◆ DESCRIPTION OF THE TASK: Here are some entries. Repeat all of them exactly.

◆ DATA EXTRACTS:
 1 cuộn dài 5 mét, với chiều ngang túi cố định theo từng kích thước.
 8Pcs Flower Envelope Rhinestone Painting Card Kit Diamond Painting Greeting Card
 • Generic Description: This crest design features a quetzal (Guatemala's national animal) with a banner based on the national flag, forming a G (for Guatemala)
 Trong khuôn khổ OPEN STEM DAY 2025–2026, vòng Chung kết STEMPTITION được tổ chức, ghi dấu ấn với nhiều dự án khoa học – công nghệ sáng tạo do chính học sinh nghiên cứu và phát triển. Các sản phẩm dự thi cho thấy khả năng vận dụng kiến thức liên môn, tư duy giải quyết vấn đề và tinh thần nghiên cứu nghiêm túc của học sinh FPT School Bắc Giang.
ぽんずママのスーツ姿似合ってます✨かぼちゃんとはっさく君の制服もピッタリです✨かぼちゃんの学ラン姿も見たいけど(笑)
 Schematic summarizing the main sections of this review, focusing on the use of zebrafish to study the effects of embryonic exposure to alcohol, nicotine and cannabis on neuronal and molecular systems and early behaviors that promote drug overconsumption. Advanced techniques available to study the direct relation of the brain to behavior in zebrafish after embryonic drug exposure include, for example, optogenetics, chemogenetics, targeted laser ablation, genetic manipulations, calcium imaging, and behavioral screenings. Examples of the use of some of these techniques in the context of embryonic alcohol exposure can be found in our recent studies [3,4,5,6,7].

◆ RESPONSE FOR THIS EXERCISE:
 1 cuộn dài 5 mét, với chiều ngang túi cố định theo từng kích thước.
 8Pcs Flower Envelope Rhinestone Painting Card Kit Diamond Painting Greeting Card
 • Generic Description: This crest design features a quetzal (Guatemala's national animal) with a banner based on the national flag, forming a G (for Guatemala)
 Trong khuôn khổ OPEN STEM DAY 2025–2026, vòng Chung kết STEMPTITION được tổ chức, ghi dấu ấn với nhiều dự án khoa học – công nghệ sáng tạo do chính học sinh nghiên cứu và phát triển. Các sản phẩm dự thi cho thấy khả năng vận dụng kiến thức liên môn, tư duy giải quyết vấn đề và tinh thần nghiên cứu nghiêm túc của học sinh FPT School Bắc Giang.
ぽんずママのスーツ姿似合ってます✨かぼちゃんとはっさく君の制服もピッタリです✨かぼちゃんの学ラン姿も見たいけど(笑)
 Schematic summarizing the main sections of this review, focusing on the use of zebrafish to study the effects of embryonic exposure to alcohol, nicotine and cannabis on neuronal and molecular systems and early behaviors that promote drug overconsumption. Advanced techniques available to study the direct relation of the brain to behavior in zebrafish after embryonic drug exposure include, for example, optogenetics, chemogenetics, targeted laser ablation, genetic manipulations, calcium imaging, and behavioral screenings. Examples of the use of some of these techniques in the context of embryonic alcohol exposure can be found in our recent studies [3,4,5,6,7].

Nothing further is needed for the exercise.